►

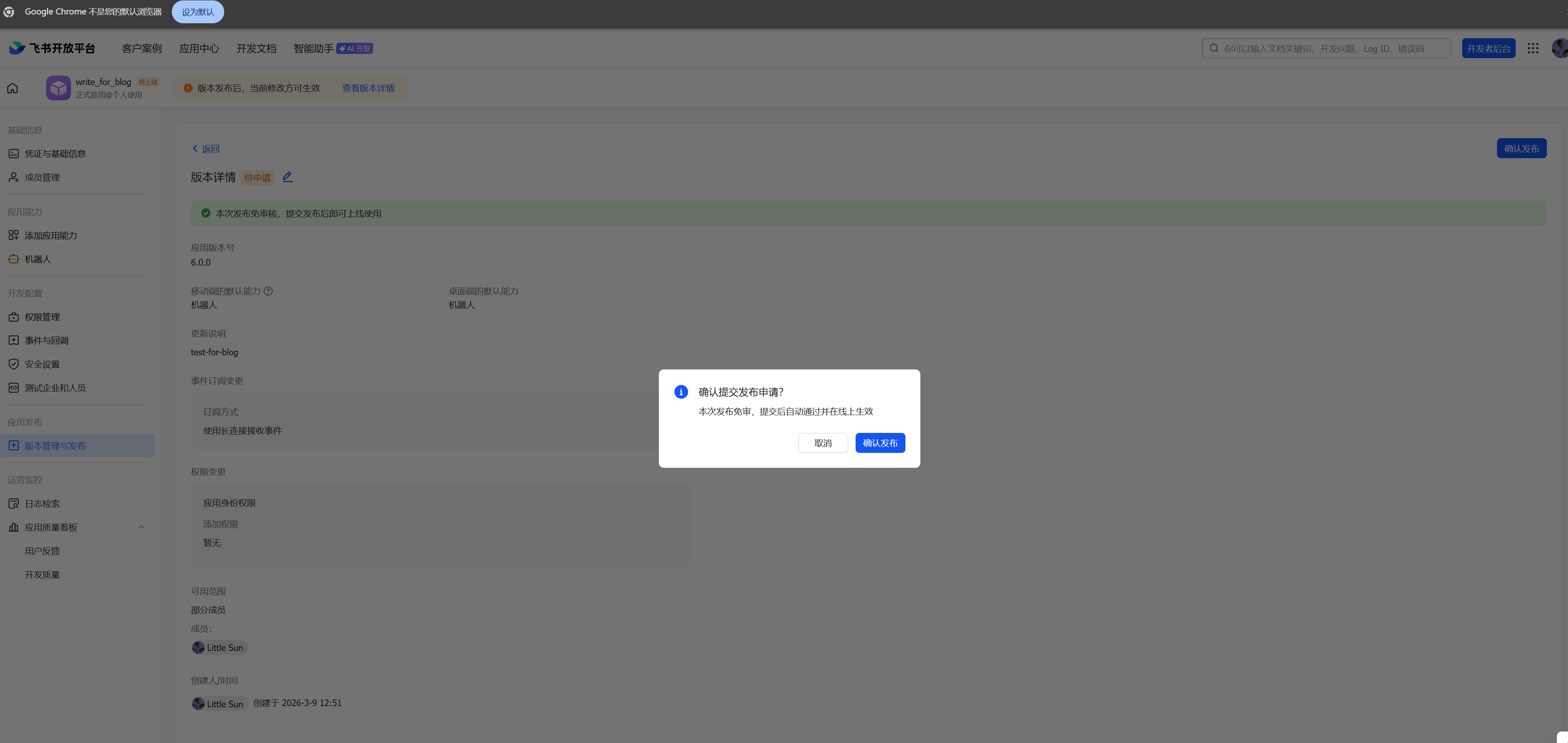点击页面左上方创建版本------填写版本号、更新说明、点击保存、确认发布。
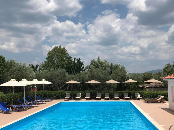 Campingplass med sesongbasert utendørsbasseng og restaurant i Sparta
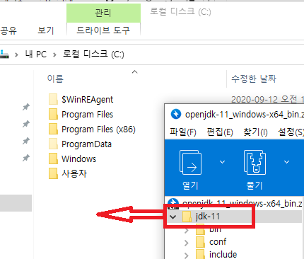 다운로드 받은 OpenJDK 압축 파일을 열고 자신이 원하는 위치에 압축을 푼다.
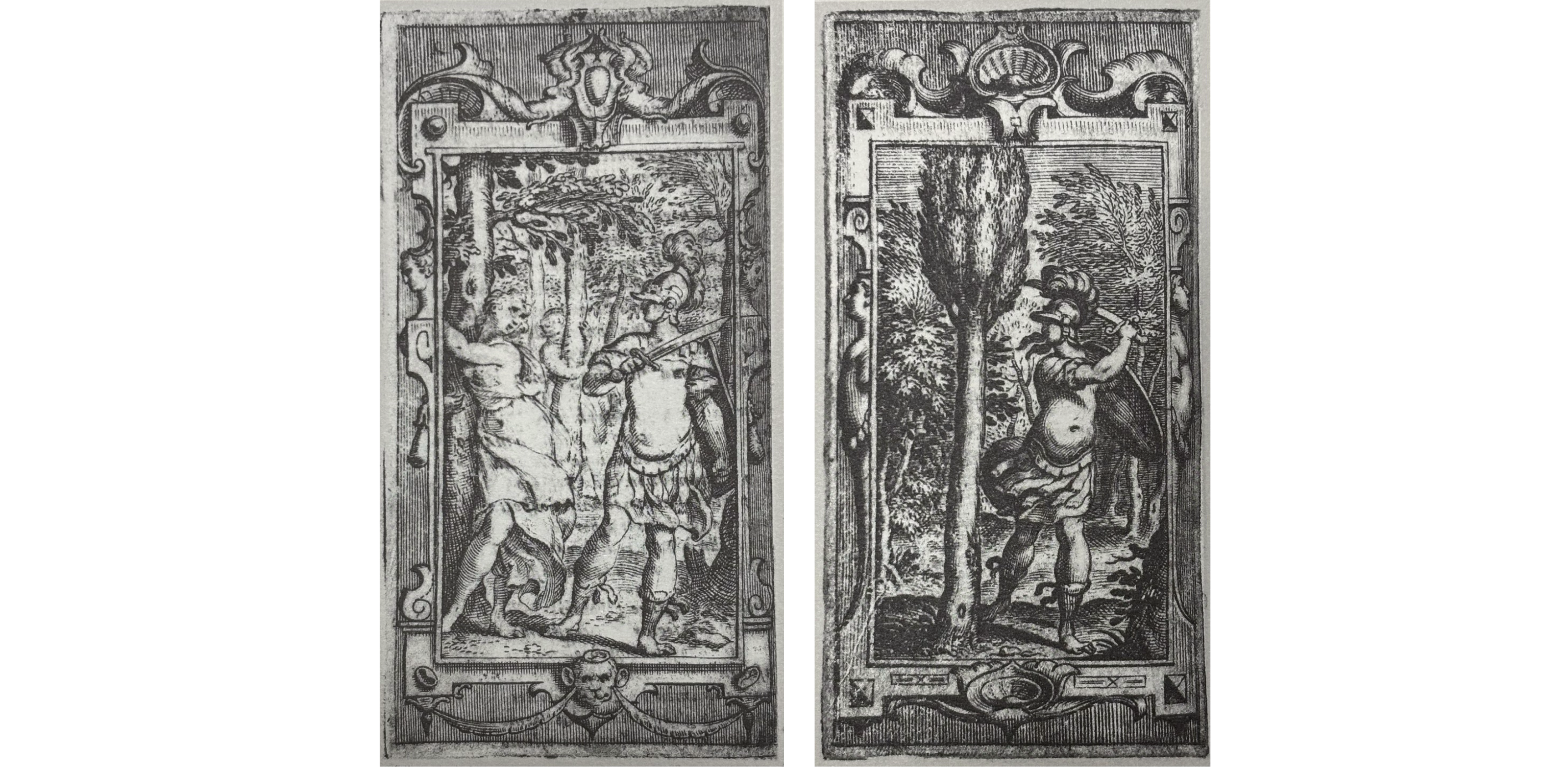 Che il canto III e il canto XIII della Gerusalemme propongano schemi iconografici simili è un dato evidente e non è insolito ritrovare nella tradizione illustrata dittici di incisioni simili tra loro. Nel caso delle incisioni di Leclerc, l’edizione veneziana per Domenico Lovisa (1685) scambia per esempio le due illustrazioni esaminate, proponendo erroneamente il cavaliere del canto XIII per il canto III e, viceversa, il crociato del III per quello del XIII. Anche qualora la scelta figurativa sia ricaduta altrove, non si è esente da errori: uno dei dittici più diffusi è la rappresentazione di Tancredi nella selva per il canto XIII e di Rinaldo nella medesima foresta per il canto XVIII. Prendiamo in esame la prima edizione che propone questa ‘coppia’, con il solito Castello stavolta però nella versione del 1604 (Pavoni 1604), replicata nell’edizione Sforzini 1618 e dunque, nel supposto Leclerc del 1674 per l’Hercole: ci sembra innegabile che in quest’occasione le due illustrazioni siano state scambiate in sede di stampa, a partire dall’edizione Pavoni 1604 e perpetuando l’errore nelle successive del 1618 e del 1674. Almeno un paio di elementi suffragano questa ipotesi: in primis, osservando le piante opposte ai cavalieri, è evidente che quello nell’edizione Pavoni 1604 al canto XIII è un cipresso [Fig. 19], mentre quello per il canto XVIII è più simile al mirto [Fig. 20]. Come è noto, è Tancredi a trovarsi davanti al cipresso (Lib. XIII, 38) – pianta funeraria per eccellenza – mentre a Rinaldo si palesa un mirto (Lib. XVIII, 25); se poi si raffronta l’apparizione rispettivamente della falsa Clorinda e della falsa Armida, è chiaro che quest’ultima corrisponde alla nostra figura 19, quando di fronte a Rinaldo che “stringe il ferro ignudo” (Lib. XVIII, 33, 8) ella “vassene al mirto; allor colei s’abbraccia / al caro tronco, e s’interpone e grida” (Lib. XVIII, 34, 1-2); inoltre, mentre ‘Clorinda’ compare da sola agli occhi di Tancredi [Fig. 20], dinanzi a Rinaldo, prima ancora dell’apparizione di ‘Armida’, spuntano “insieme poi cento altre piante / cento nife produr dal seno pregnante” (Lib. XVIII, 26), ed è nella sola figura 19 che compare più di una persona tra le piante. La confusione non si crea invece nell’edizione Andreoli 1670 – le cui illustrazioni di Clouwet vengono riprese nell’edizione Quartaroli 1678 – perché qui, a fronte di un Rinaldo che continua ad alzare la spada verso l’albero antropomorfo per il canto XVIII, per il canto XIII si sceglie di rappresentare la pioggia finalmente inviata da Dio che rinnova le speranze dei crociati, raffigurati proprio come descritti da Tasso:
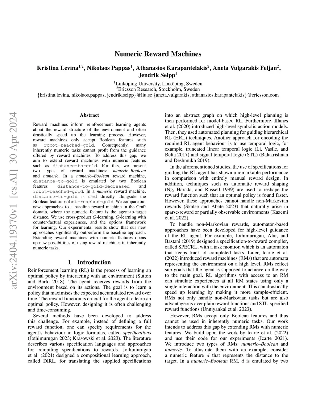 Reward machines inform reinforcement learning agents about the reward structure of the environment and often drastically speed up the learning process. However, reward machines only accept Boolean features such as robot-reached-gold. Consequently, many inherently numeric tasks cannot profit from the guidance offered by reward machines. To address this gap, we aim to extend reward machines with numeric features such as distance-to-gold. For this, we present two types of reward machines: numeric-Boolean and numeric. In a numeric-Boolean reward machine, distance-to-gold is emulated by two Boolean features distance-to-gold-decreased and robot-reached-gold. In a numeric reward machine, distance-to-gold is used directly alongside the Boolean feature robot-reached-gold. We compare our new approaches to a baseline reward machine in the Craft domain, where the numeric feature is the agent-to-target distance. We use cross-product Q-learning, Q-learning with counter-factual experiences, and the options framework for learning. Our experimental results show that our new approaches significantly outperform the baseline approach. Extending reward machines with numeric features opens up new possibilities of using reward machines in inherently numeric tasks.
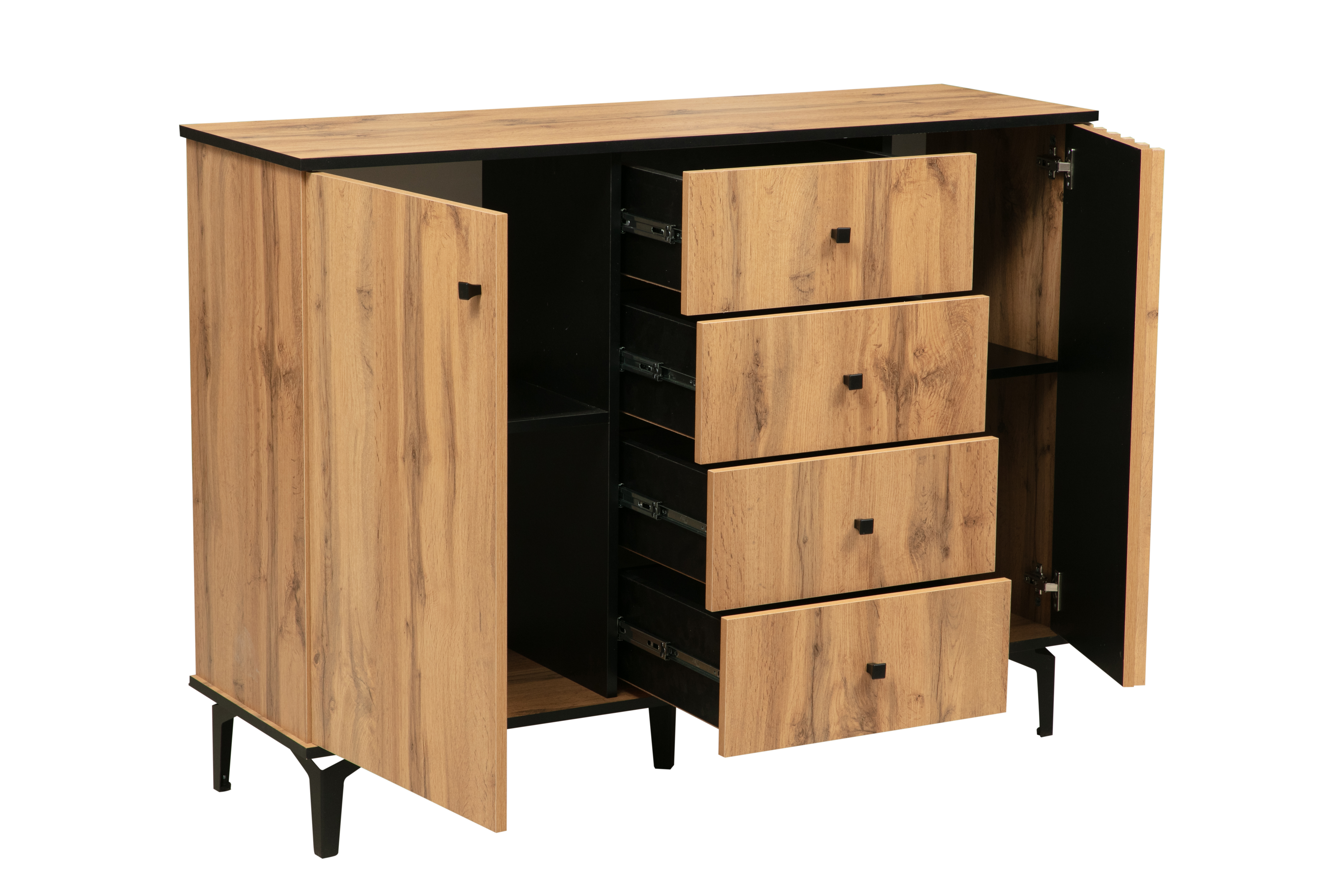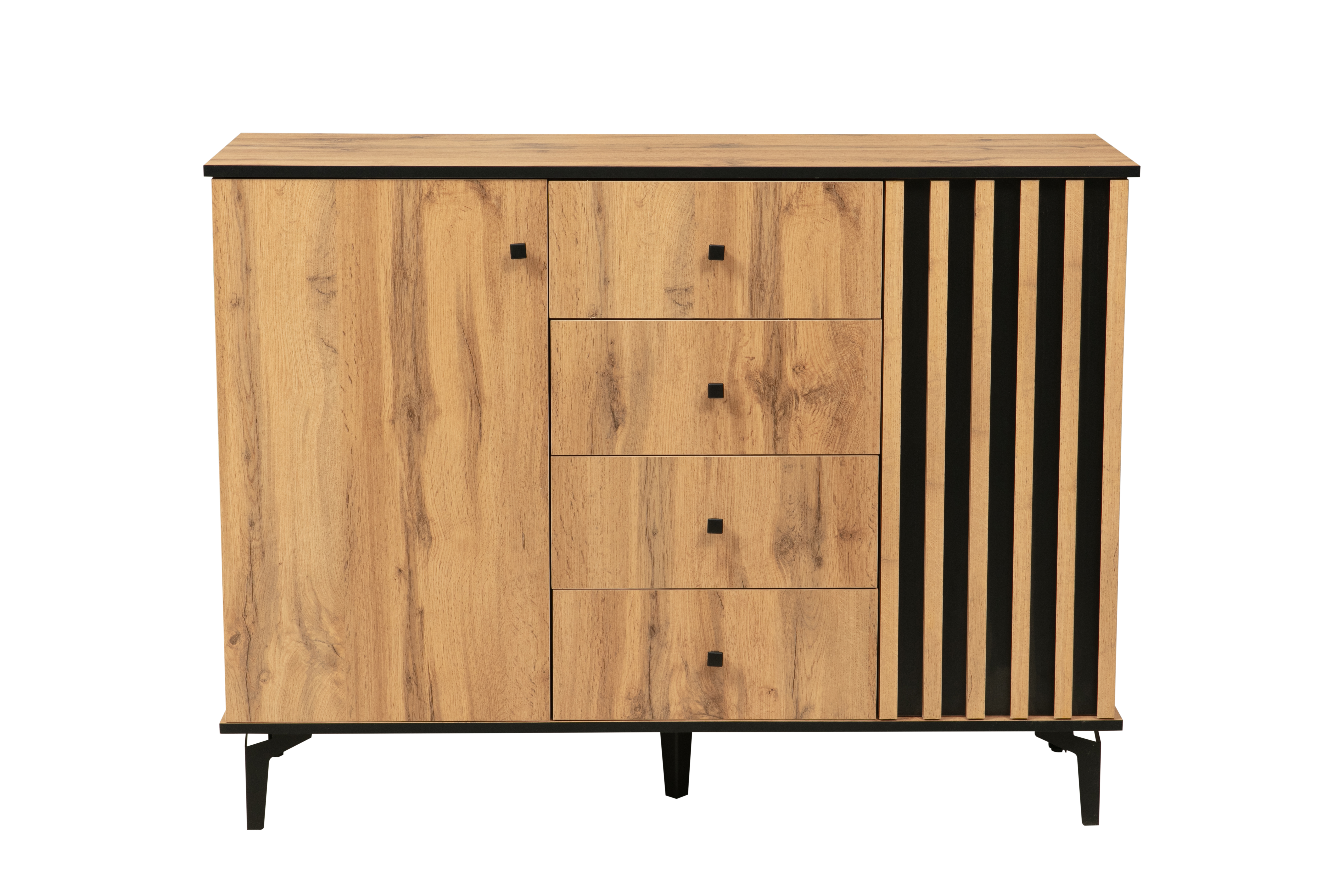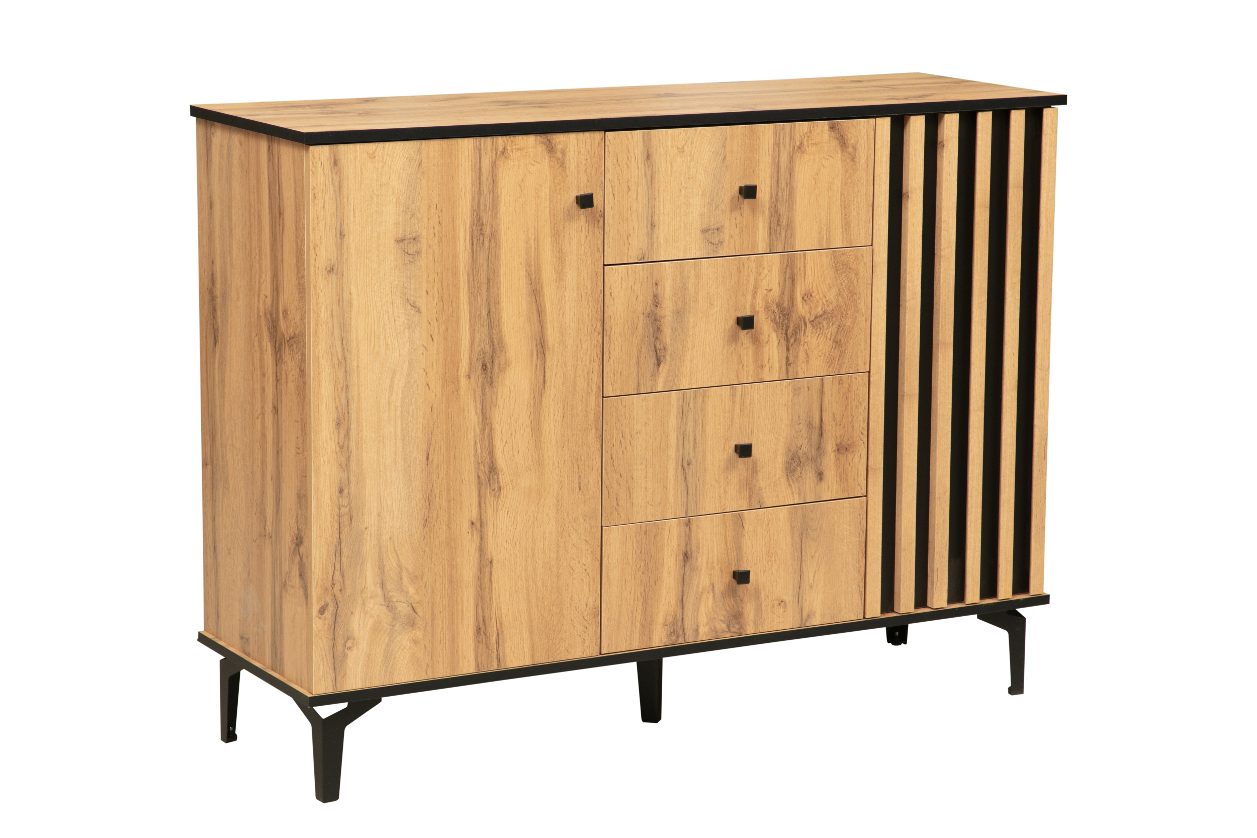 Комод 51.04 Либерти (опора метал. h=150мм) # (дуб вотан / черный / профиль: Masa Decor дуб вотан) исполняется в классическом стиле и спокойных цветах. Модель сочетает в себе простоту и функциональность, но при этом не выглядит громоздко. Она гармонично впишется в пространство, не утяжеляя его.
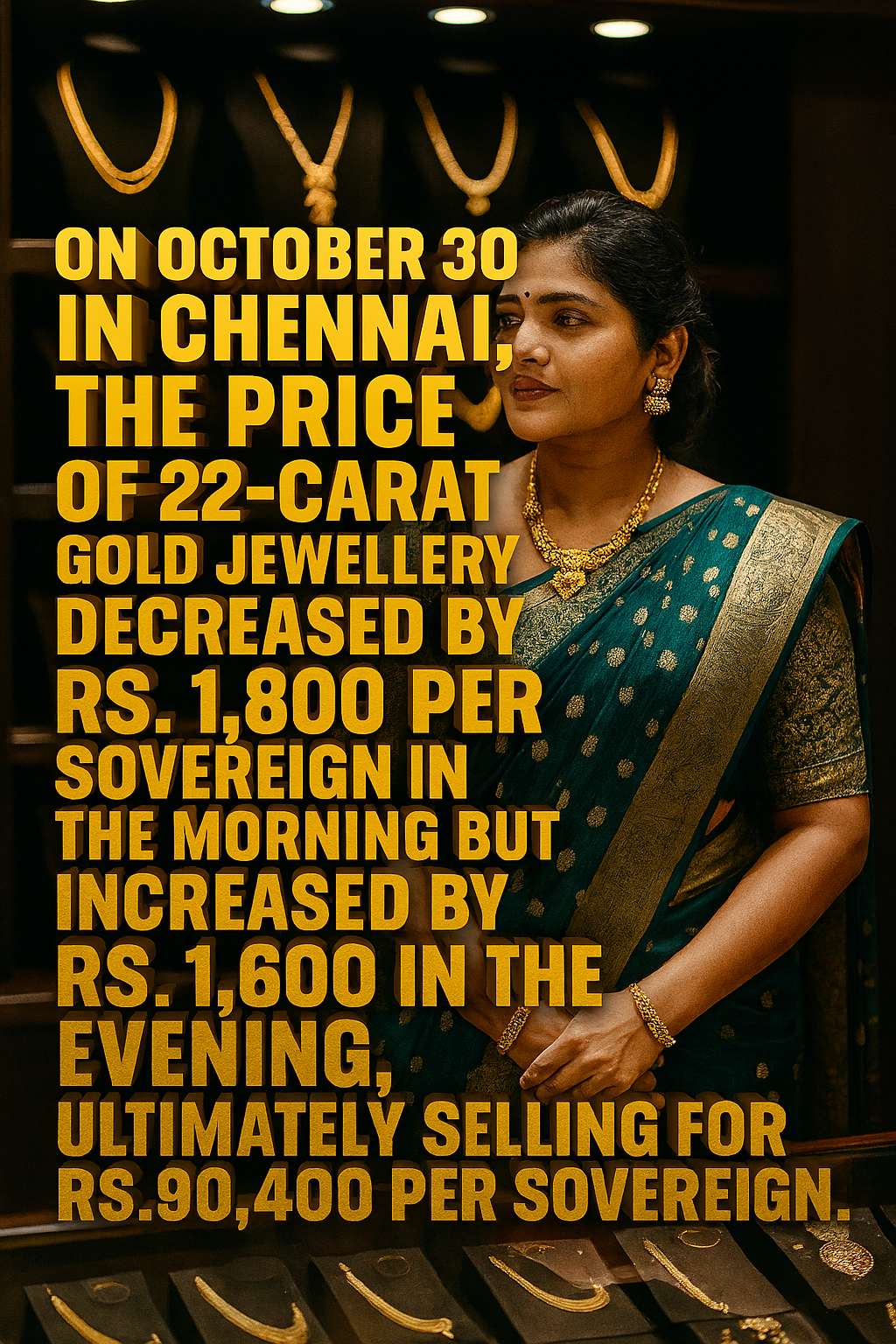 அக்டோபர் 30 ஆம் தேதி சென்னையில், காலையில் 22 காரட் தங்க நகைகளின் விலை சவரனுக்கு ரூ.1,800 குறைந்து, மாலையில் ரூ.1,600 அதிகரித்து, இறுதியில் சவரனுக்கு ரூ.90,400க்கு விற்பனையானது.

◄

■ **TASK DETAILS**
Leave the pictures out and output exactly the lines above, from the start of the listing through the line with "다운로드 받은 OpenJDK".

■ **ANSWER AREA**
点击页面左上方创建版本------填写版本号、更新说明、点击保存、确认发布。
 Campingplass med sesongbasert utendørsbasseng og restaurant i Sparta
 다운로드 받은 OpenJDK 압축 파일을 열고 자신이 원하는 위치에 압축을 푼다.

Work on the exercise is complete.